SGANARELLE: O Ciel! qu'entends-je ici? Il ne vous manquait plus
que d'être hypocrite pour vous achever de tout point, et
voilà le comble des abominations. Monsieur, cette
dernière-ci m'emporte et je ne puis m'empêcher de parler.
Faites-moi tout ce qu'il vous plaira, battez-moi, assommez-moi de
coups, tuez-moi, si vous voulez: il faut que je décharge mon
cur, et qu'en valet fidèle je vous dise ce que je dois.

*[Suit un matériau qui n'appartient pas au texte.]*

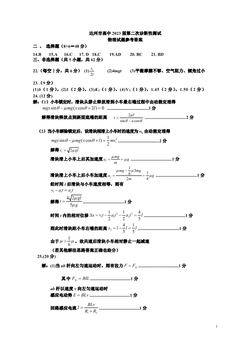 高三理综物理答案--四川省达州市2023届高三下学期第二次诊断性测试

Sachez, Monsieur, que tant va la cruche à l'eau, qu'enfin elle
se brise; et comme dit fort bien cet auteur que je ne connais
pas, l'homme est en ce monde ainsi que l'oiseau sur la branche;
la branche est attachée à l'arbre; qui s'attache à
l'arbre, suit de bons préceptes; les bons préceptes valent
mieux que les belles paroles; les belles paroles se trouvent à
la cour; à la cour sont les courtisans; les courtisans suivent
la mode; la mode vient de la fantaisie; la fantaisie est une
faculté de l'âme; l'âme est ce qui nous donne la vie; la
vie finit par la mort; la mort nous fait penser au Ciel; le ciel
est au-dessus de la terre; la terre n'est point la mer; la mer
est sujette aux orages; les orages tourmentent les vaisseaux; les
vaisseaux ont besoin d'un bon pilote; un bon pilote a de la
prudence; la prudence n'est point dans les jeunes gens; les
jeunes gens doivent obéissance aux vieux; les vieux aiment les
richesses; les richesses font les riches; les riches ne sont pas
pauvres; les pauvres ont de la nécessité; nécessité
n'a point de loi; qui n'a point de loi vit en bête brute; et,
par conséquent, vous serez damné à tous les diables.
DOM JUAN: O le beau raisonnement!
SGANARELLE: Après cela, si
vous ne vous rendez, tant pis pour vous.